English
✍️Marvin John Salazar

Hello~~ 😸, for the longest time, I felt like I was a different person depending on who I was with. With my family, I was one "version" of myself. With my friends, I was another. At work, yet another. It was exhausting, like I was constantly checking a mirror to make sure I was wearing the right "face" for the occasion.

We’ve talked about internal scripts and the paradox of consistency in previous parts of this series. But identity doesn't exist in a vacuum. It lives in the mirrors of the people around us.

"I am not who I think I am. I am not who you think I am. I am who I think you think I am."


The Origin of the Looking-Glass Self

"Your 'Social Mirror' is often distorted by the people holding it."

Most of us build our identity based on how we perceive others perceiving us. This is what psychologists call the "Looking-Glass Self." If you are surrounded by "small mirrors"—people who don't see your potential—you will always feel like you have to be small to fit in.

If you were the only person on Earth, would you still have "labels"? Probably not. You would just be. You wouldn't be "introverted," "successful," "sensitive," or "anxious." Those labels only exist in the presence of an observer. We outsource our identity to the people around us, and in doing so, we give them the power to define us.


Diagnostic Check-In

Identify your 'Primary Mirror'. Whose reflection of you carries the most weight in your daily life?


The Mirror Trap

1. The Hall of Distorted Mirrors

Sociologist Charles Cooley described the process in three steps:

  1. We imagine how we appear to another person.
  2. We imagine how that person judges us.
  3. We develop a feeling about ourselves based on that imagined judgment.

The problem is that most of the mirrors we look into are warped. They are twisted by the other person’s own insecurities, their secret expectations, and their own limited labels. When someone says, "You've changed," what they are often really saying is, "The reflection you are providing is no longer making me feel comfortable." They liked the version of you that was easier for them to manage.

"People who want to control you will always reflect back a version of you that is small and manageable."

Growth is a threat to the people who need you to stay the same. Smashing the mirrors of their expectations is the only way to see your true self.


2. Breaking Free from the Reflection

When you live in the "Mirror Trap," your self-worth becomes a volatile thing. It goes up when people praise you and crashes when they criticize you. You become a "people-pleaser," constantly adjusting your behavior to get a "better reflection" from the audience.

I spent years in an environment where the mirrors were intentionally warped. People used their shallow "knowledge" of personality types to create a reflection of me that was weak and incapable. Because they were "the many" and I was the one, I started to believe the glass. I thought, "If everyone sees me this way, I must be this way."

But I was looking at the wrong mirrors. I was letting the "noise" of others drown out the "signal" of my own truth.


Diagnostic Check-In

Analyze your 'Social Mirror'. Which one is currently giving you the most distorted data about yourself?

🪞You Are Not the Reflection

A mirror can only show you your surface. It cannot show you your depth, your intent, or your future. If you don’t like the reflection you see in a specific group of people, stop looking at those mirrors.


3. The Practice: Internal Validation

To break the Mirror Trap, you have to move your "source of truth" from the outside to the inside.

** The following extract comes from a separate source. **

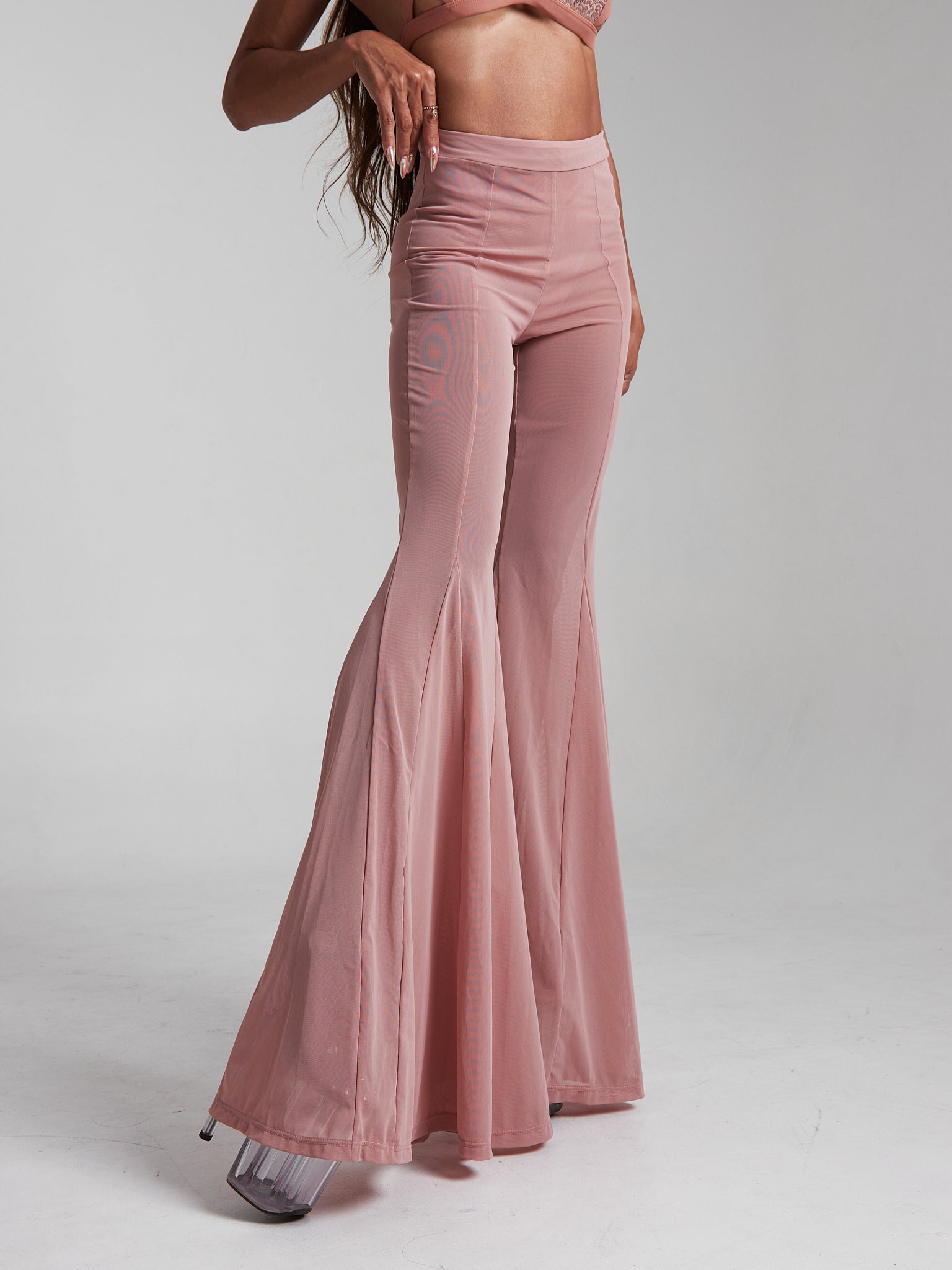 Møt din nye polewear-essential – ultra-myke flare bukser i høykvalitets, stretchy mesh som føles som en andre hud. Halvtransparent og pustende, de klamrer seg til kurvene dine og flyter med enhver bevegelse. Med smigrende high waist, full flare for dramatiske linjer, og snitt som delvis dekker danseskoen. Designet for selvtillit, komfort og effortless stil – på og utenfor stangen.
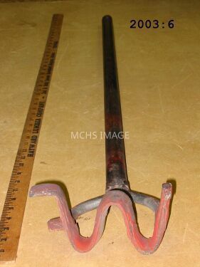 Heavy steel pipe handle, 3 feet long fastened to flat steel bar which denotes the WF Brand. Donor: "WF branding iron used by W.F. (Bud) Grounds, Sr. in the late 1800's. Used by W.F. Grounds, Jr. in the early 1900's."

  1. Audit Your Mirrors: Who are the 5 people you spend the most time with? What "label" do they reflect back to you? Is that label helping you grow, or keeping you small?
  2. The 24-Hour Mirror Fast: Try to go a full day without seeking a reflection. Don't post on social media, don't ask for feedback, and don't try to "read the room." Just act according to your internal values.
  3. The Internal Check-In: At the end of the day, ask yourself: "Did I act in alignment with my values today?" If the answer is yes, then the external reflection doesn't matter.

You are the light, not the reflection. Stop looking at the glass.